**ABOUT THIS TASK**
Leave out each picture. Repeat everything else in the records exactly.

**MATERIALS PROVIDED**
Start of Block

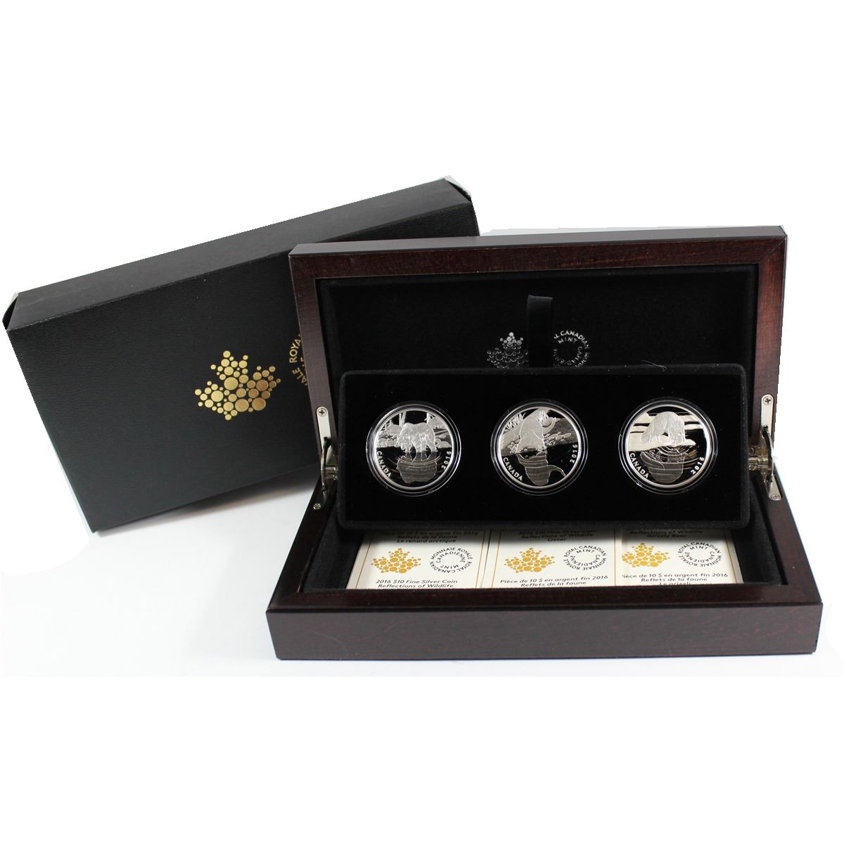 2016 Canada $10 Reflections of Wildlife Fine Silver 3-coin Set in Deluxe Case (Tax Exempt)
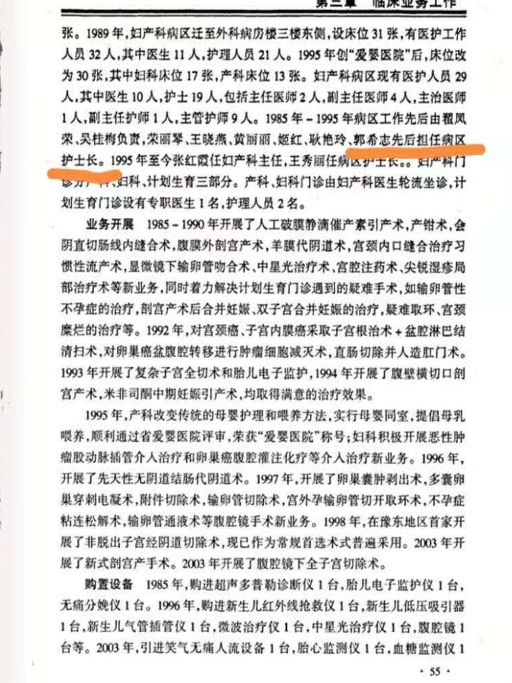 而昨天一位网友给我发来两张照片,说这是淮河医院院志上的图片和资料,资料上说郭希志在1995年之前担任过护士长,至于是哪一年到1995年担任护士长则不得而知,同时照片上显示,婴儿出生后的宝贝是不一样的,这也和许敏的质疑比较吻合,同时也是河南大学淮河医院在情况说明中没有说清楚的,淮河医院和许敏究竟谁在说谎?还是谁记错了?
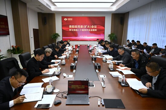 11月3日,贵阳院党委召开党委扩大会议,传达学习贯彻习近平总书记在党的二十届四中全会上的重要讲话和会议精神,研究贯彻落实措施。院党委书记、董事长武建学主持会议并领学,院领导班子成员参加。
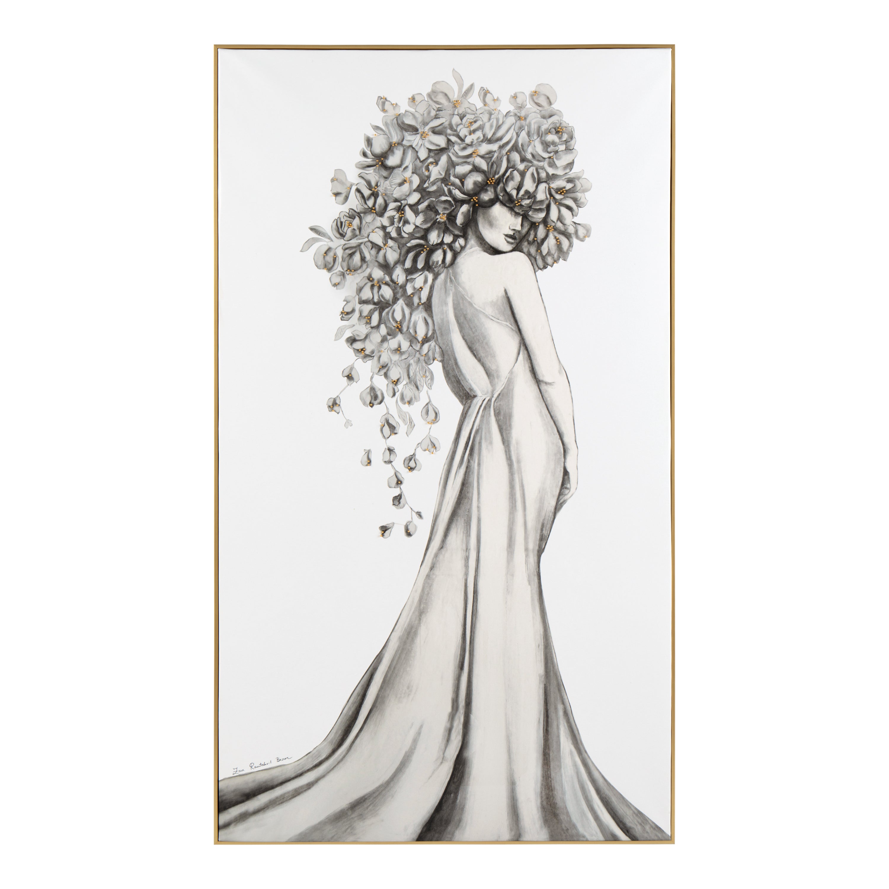 The Intoxicating Dream by artist Zana Brown showcases a spectacular human figure in a gorgeous dress. Vivid flora atop the subject's head is embellished with gold pins, elevating the work with opulent tones. This piece on canvas is sealed in a satin finish and displayed from a gold floater frame.
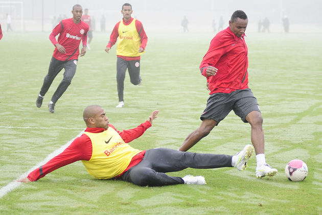 Sob uma espessa neblina, o Internacional treinou na manhã desta quarta-feira no campo suplementar do Beira-Rio. O técnico Dorival Júnior começou a esboçar o time que irá a campo contra o Caxias no próximo domingo, às 16h, no Centenário, no jogo de ida da final do Gauchão.
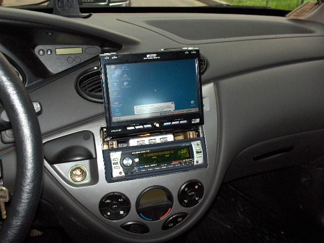 Системник хорошо разместился под торпедо над бардачком - закрепил пластиковым хомутом к арматуре внутри торпедо. Там же нашлось место для GPS-приемника - на трубе каркаса. Там же радиоблок клавы - прикручен к воздуховоду. Наверное, надо будет в воздуховоде рядом с системником сделать вырез - зимой подогревать, летом- охлаждать На системнике переключатель питания: 0. Нет АСС - комп не запускается. 1. АСС при повороте ключа. Комп работает при повёрнутом ключе. 2. АСС сидит на "+". Комп пашет всё время. Имеется кнопка Reset. К кнопке и клавише, а также разъёмам доступ при открытом бардачке. При закрытом бардачке ничего не выдаёт присутствия РС Проблемы: 1. Монитор Mistery: - встал слишком глубоко - придется переставлять. - Вызывает сомнения привод монитора - как-то слишком поскрипывает и подёргивается. Что будет зимой? - Низкая яркость. - После запуска двигателя экран черный до перевключения монитора. 2. РС: - Видеокарта не выдаёт 800х480. Поверстрип не помог. Изображение 640х480 растянутое на весь экран. Видно, но... 3. Soft: - Ну, тут пока пусто... Поставил халявный СитиГид. Прикалывает как он наперебой с iGo8 на навигашке призывает ехать куда не надо, но в разные стороны. Напрягает шум модема при соединении с интернетом через телефон, фоновый шум в динамиках от двигателя. Буду бороться ![]()

End of Block

**RESULT OF THIS EXERCISE**
 2016 Canada $10 Reflections of Wildlife Fine Silver 3-coin Set in Deluxe Case (Tax Exempt)
 而昨天一位网友给我发来两张照片,说这是淮河医院院志上的图片和资料,资料上说郭希志在1995年之前担任过护士长,至于是哪一年到1995年担任护士长则不得而知,同时照片上显示,婴儿出生后的宝贝是不一样的,这也和许敏的质疑比较吻合,同时也是河南大学淮河医院在情况说明中没有说清楚的,淮河医院和许敏究竟谁在说谎?还是谁记错了?
 11月3日,贵阳院党委召开党委扩大会议,传达学习贯彻习近平总书记在党的二十届四中全会上的重要讲话和会议精神,研究贯彻落实措施。院党委书记、董事长武建学主持会议并领学,院领导班子成员参加。
 The Intoxicating Dream by artist Zana Brown showcases a spectacular human figure in a gorgeous dress. Vivid flora atop the subject's head is embellished with gold pins, elevating the work with opulent tones. This piece on canvas is sealed in a satin finish and displayed from a gold floater frame.
 Sob uma espessa neblina, o Internacional treinou na manhã desta quarta-feira no campo suplementar do Beira-Rio. O técnico Dorival Júnior começou a esboçar o time que irá a campo contra o Caxias no próximo domingo, às 16h, no Centenário, no jogo de ida da final do Gauchão.
 Системник хорошо разместился под торпедо над бардачком - закрепил пластиковым хомутом к арматуре внутри торпедо. Там же нашлось место для GPS-приемника - на трубе каркаса. Там же радиоблок клавы - прикручен к воздуховоду. Наверное, надо будет в воздуховоде рядом с системником сделать вырез - зимой подогревать, летом- охлаждать На системнике переключатель питания: 0. Нет АСС - комп не запускается. 1. АСС при повороте ключа. Комп работает при повёрнутом ключе. 2. АСС сидит на "+". Комп пашет всё время. Имеется кнопка Reset. К кнопке и клавише, а также разъёмам доступ при открытом бардачке. При закрытом бардачке ничего не выдаёт присутствия РС Проблемы: 1. Монитор Mistery: - встал слишком глубоко - придется переставлять. - Вызывает сомнения привод монитора - как-то слишком поскрипывает и подёргивается. Что будет зимой? - Низкая яркость. - После запуска двигателя экран черный до перевключения монитора. 2. РС: - Видеокарта не выдаёт 800х480. Поверстрип не помог. Изображение 640х480 растянутое на весь экран. Видно, но... 3. Soft: - Ну, тут пока пусто... Поставил халявный СитиГид. Прикалывает как он наперебой с iGo8 на навигашке призывает ехать куда не надо, но в разные стороны. Напрягает шум модема при соединении с интернетом через телефон, фоновый шум в динамиках от двигателя. Буду бороться ![]()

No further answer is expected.